- Argentine poster
- Directed by: Duke Worne
- Written by: Arthur Hoerl
- Produced by: Trem Carr
- Starring: Helene Costello Rex Lease Claire McDowell
- Cinematography: Hap Depew
- Edited by: John S. Harrington
- Production company: Trem Carr Pictures
- Distributed by: Rayart Pictures
- Release date: January 15, 1929;
- Running time: 75 minutes
- Country: United States
- Languages: Silent English intertitles

= When Dreams Come True (1929 film) =

1929 silent film

When Dreams Come True is a 1929 American silent drama film directed by Duke Worne and starring Helene Costello, Rex Lease and Claire McDowell.

==Synopsis==
Ben Shelby, a blacksmith, is in love with Caroline Swayne but her wealthy father rejects the marriage.

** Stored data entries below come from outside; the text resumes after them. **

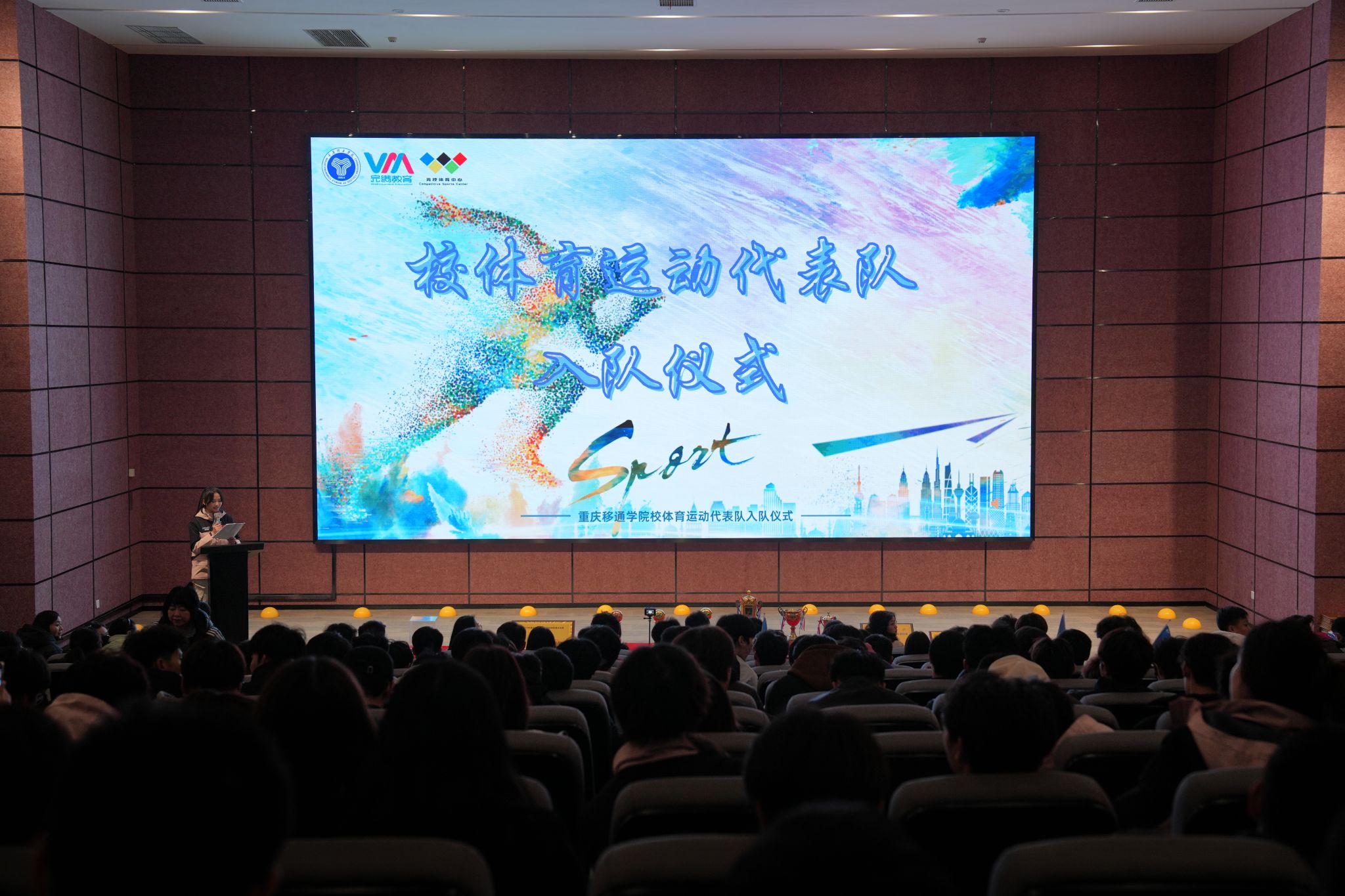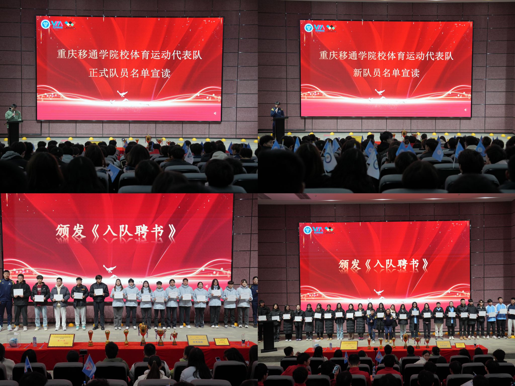在全场热烈的掌声中,竞技体育中心的江华副主任宣读了新一届校队正式队员名单,罗晨组长宣读校队新队员名单,并让每两个队伍的新队员上台领取由各自教练颁发的入队通知书,大家一起合影留念,标志着他们正式成为校队一员。满怀激动与自豪,各队伍代表带领队员用响亮的口号和整齐的队列展示队伍的精神风貌,充分彰显校队凝聚力、向心力、对卓越成绩的追求决心。
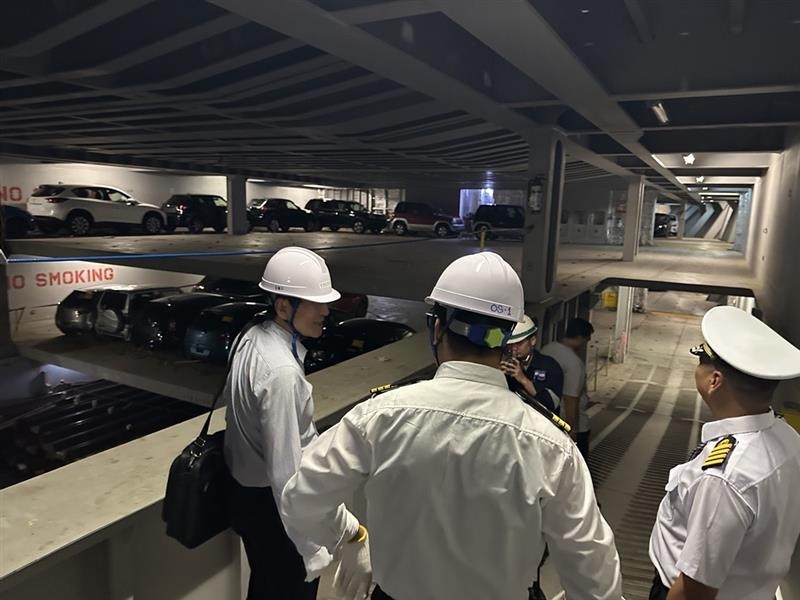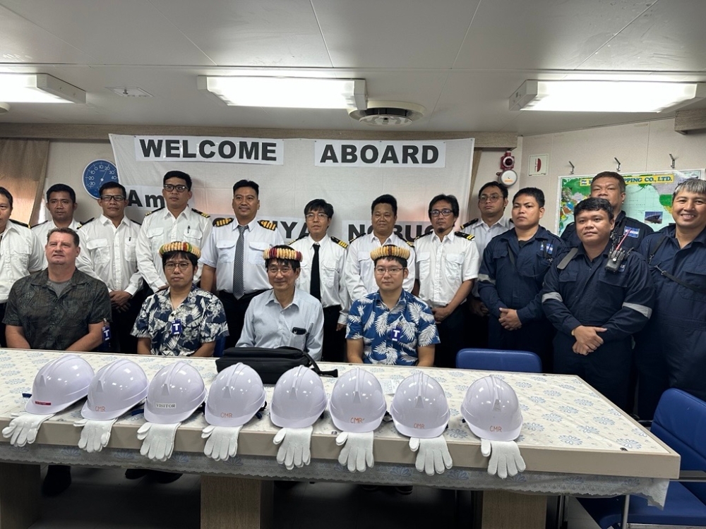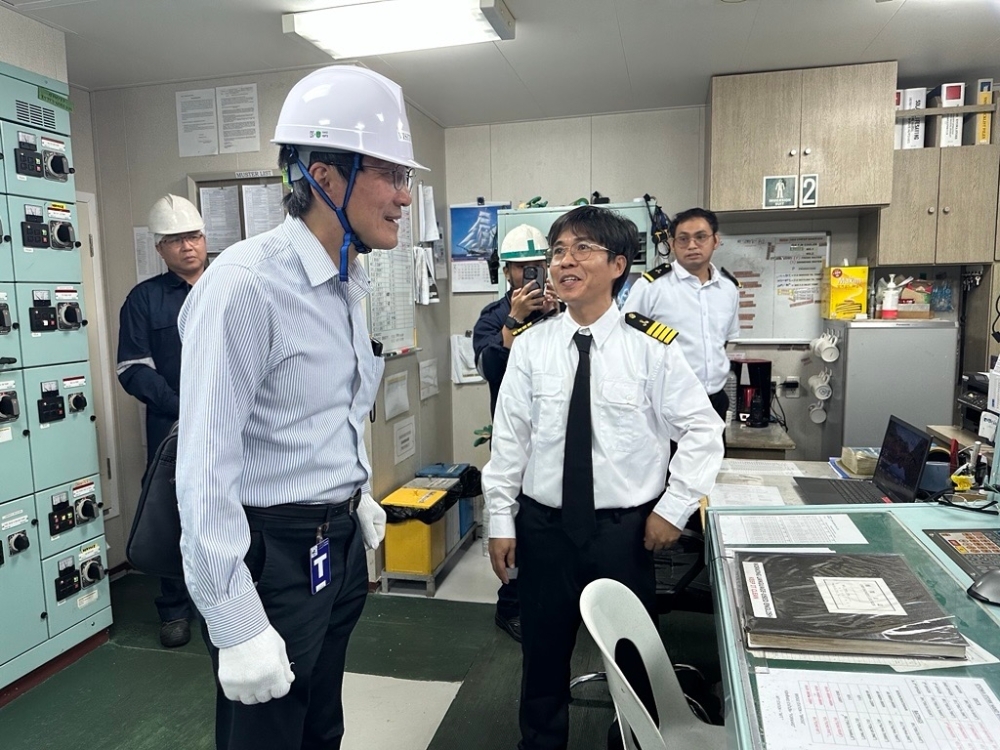 10月2日、籠宮大使は、ミクロネシア連邦(FSM)ポンペイ港に寄港中の協和海運貨物船「Kyowa Stork」を訪問しました。本船は、多目的運搬船としてコンテナを積載している他、車両を自走で搭載するランプなどを有し、様々な貨物を搭載しています。籠宮大使は、本船の船長をはじめとする乗組員に歓迎され、貨物の荷役状況などについて説明を受けたほか、船内を視察しました。
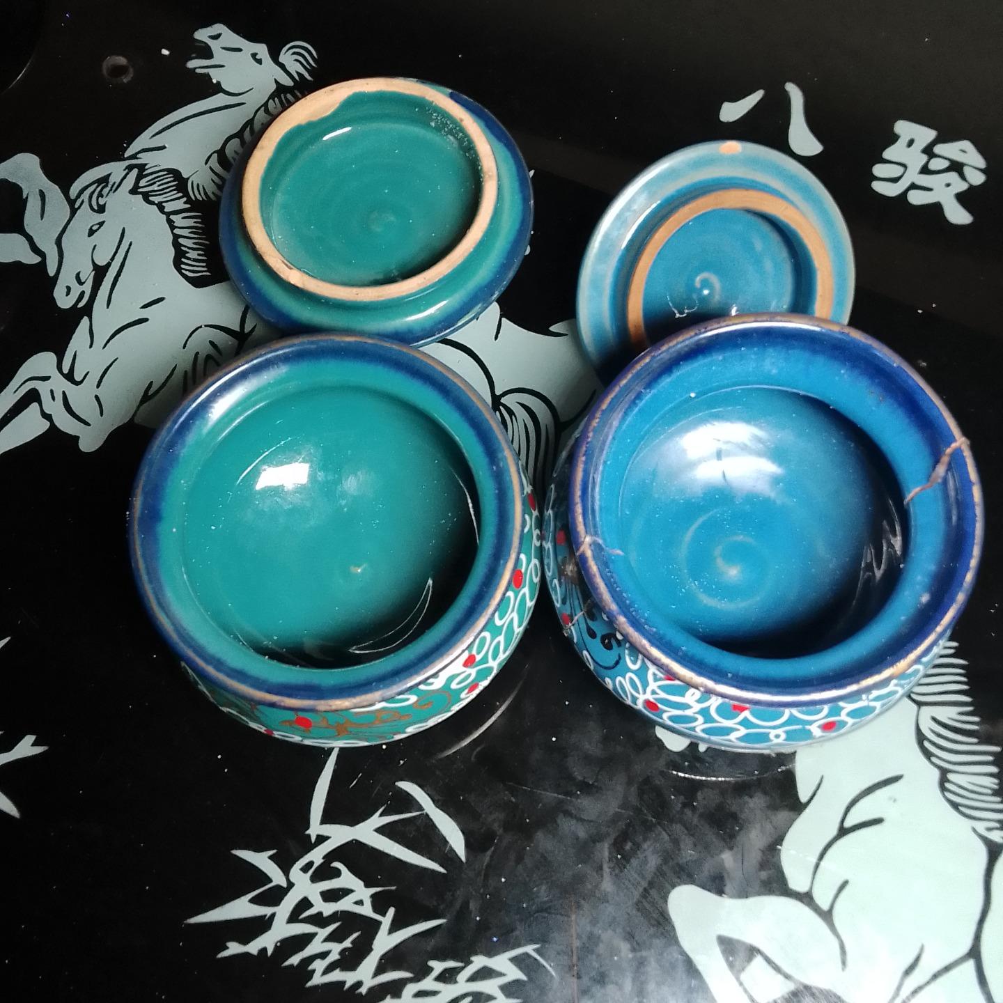 مزایده دو عدد قندان لعابدار سفالی از صنایع دستی زیبا به سبک و نقوش قدیمی زیبا قند تو دلتون آب می شه. مناسب برای آشپزخونه چای خوری، کافه،قهوه خونه ،آلاچیق و رستوران های سنتی....
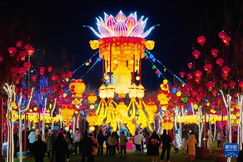 1月4日,人們在2024年淄博玉黛湖花燈會上賞燈游覽。新華社記者 徐速繪 攝
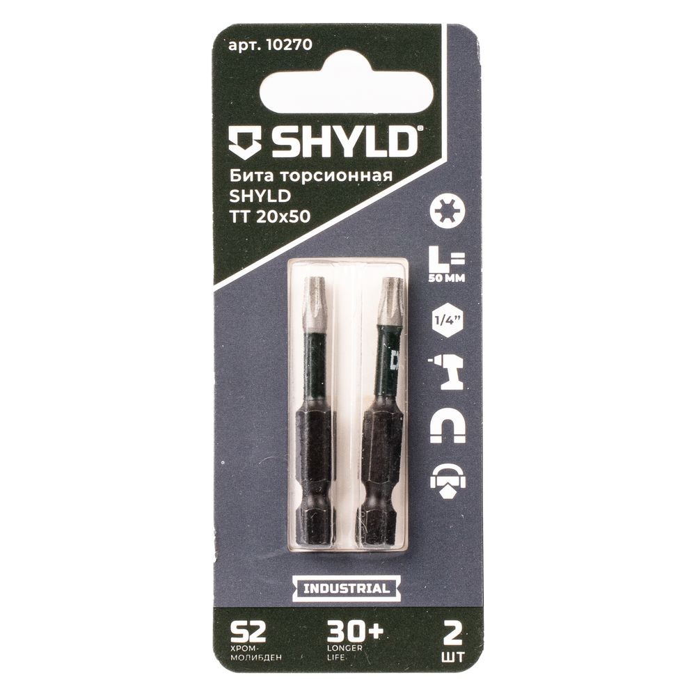 Бита SHYLD TT20х50мм 2шт (10270) - биты типа Torx Tamper хорошо передают крутящий момент, что исключает повреждение винта или заготовки. Торсионные ударные биты SHYLD DYNAMIC FLEX, выполненные из комплексно-легированной хромомолибденовой стали S2 – отличное решение для профессионального и промышленного использования в строительных и монтажных работах.
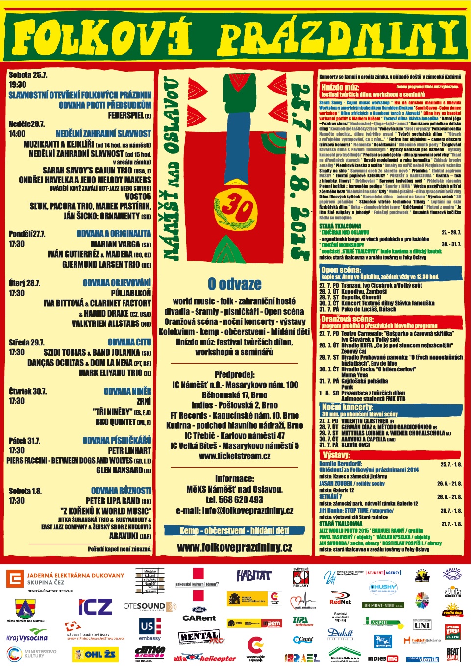 A to vše v působivém romantickém prostředí náměšťského renesančního zámku s parkem a v samotném historickém středu města. Vstupenky lze stále zakoupit na tradičních místech. Více na www.folkoveprazdniny.cz
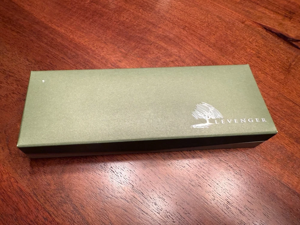 Very nice Levenger rolling ball pen. Twist off cap with gold trim. Been in storage for a number of years but never used.
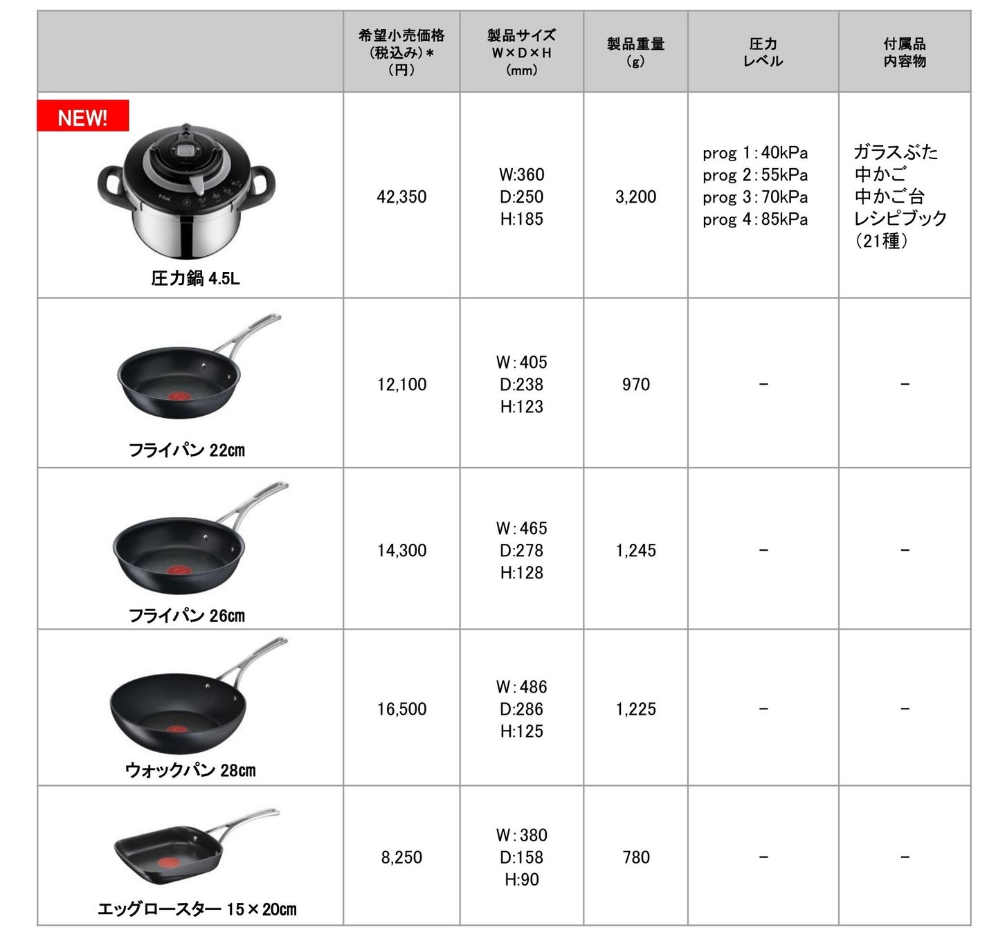 「ティファールエクスペリエンス+」ラインナップ
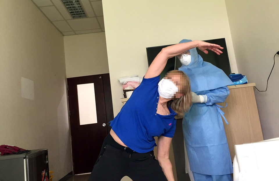 Nữ du khách người Anh và là bệnh nhân thứ 30 đang luyện tập thể dục và sức khỏe đang ổn định tại Cơ sở 2 Bệnh viện Trung ương Huế. Ảnh: NL
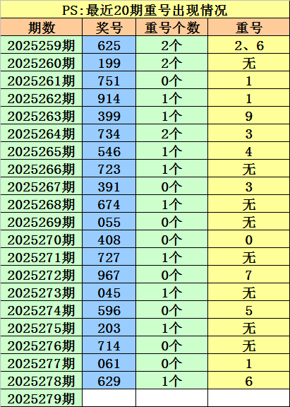 开奖回顾:福彩3D第2025278期开出奖号:629。
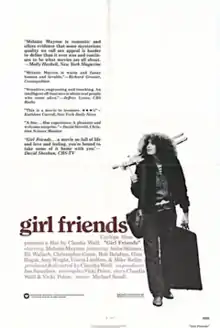 Girlfriends is a 1978 comedy-drama film produced and directed by Claudia Weill and written by Vicki Polon. The film stars Melanie Mayron as Susan Weinblatt, a Jewish photographer who experiences loneliness once her roommate Anne (Anita Skinner) moves out of their apartment in New York City. It was the first American independent film to be funded with grants, although private investors were also brought on to help complete the film.[3]
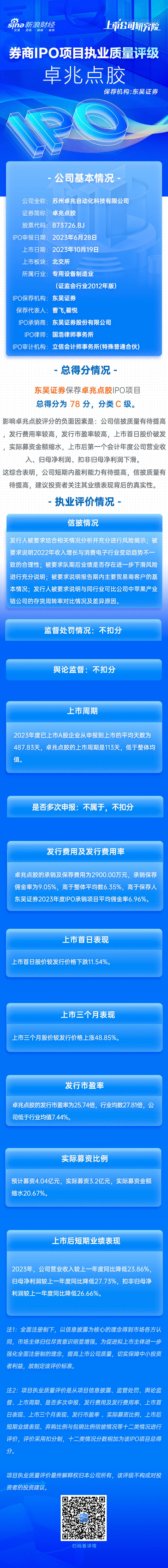 东吴证券保荐卓兆点胶IPO项目质量评级C级 承销保荐佣金率较高 上市首日就破发
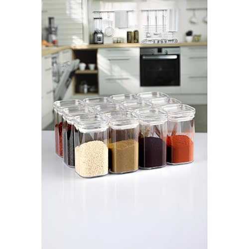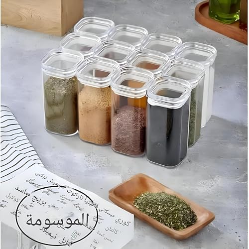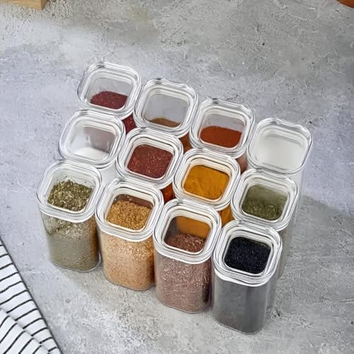 Generic - حاوية توابل اكريليك - مجموعة حاويات توابل اكريليك متينة وانيقة، تتضمن 12 برطمان بسعة 250 مل لكل قطعة، مصممة باغلاق سيليكون لضمان بقاء التوابل طازجة ولذيذة لفترة أطول
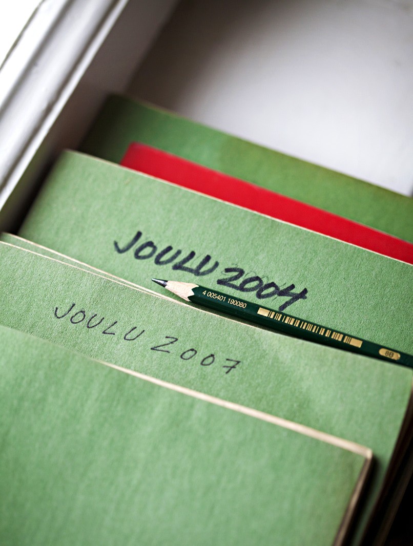 – Jo lokakuussa kaivan esille vihkoni. Soittelen joululevyjä, istuudun nojatuoliin ja ryhdyn laatimaan tehtävälistoja. Numeroin ihan pieniä tehtäviä, jokaisen keittiön laatikonkin erikseen – on nimittäin nautinnollista yliviivata tehty työ! Hyvissä ajoin aloitetun siivouksen juju on se, että välillä voi laiskotellakin. Rakastan vihkojani, ja saatan pulata ja fiilistellä niiden parissa pitkään.

When he is found murdered shortly afterwards, suspicion falls on Shelby. However he is able to prove that he innocent, and identify the real culprit who killed Swayne to prevent his horse running in a major race.

==Cast==
- Helene Costello as Caroline Swayne
- Rex Lease as Ben Shelby
- Claire McDowell as Martha Shelby
- Danny Hoy as Jack Boyle
- Ernest Hilliard as Jim Leeson
- Buddy Brown as Billy Shelby
- George Periolat as Robert Swayne
- Emmett King as Judge Clayburn

==Bibliography==
- Munden, Kenneth White. The American Film Institute Catalog of Motion Pictures Produced in the United States, Part 1. University of California Press, 1997.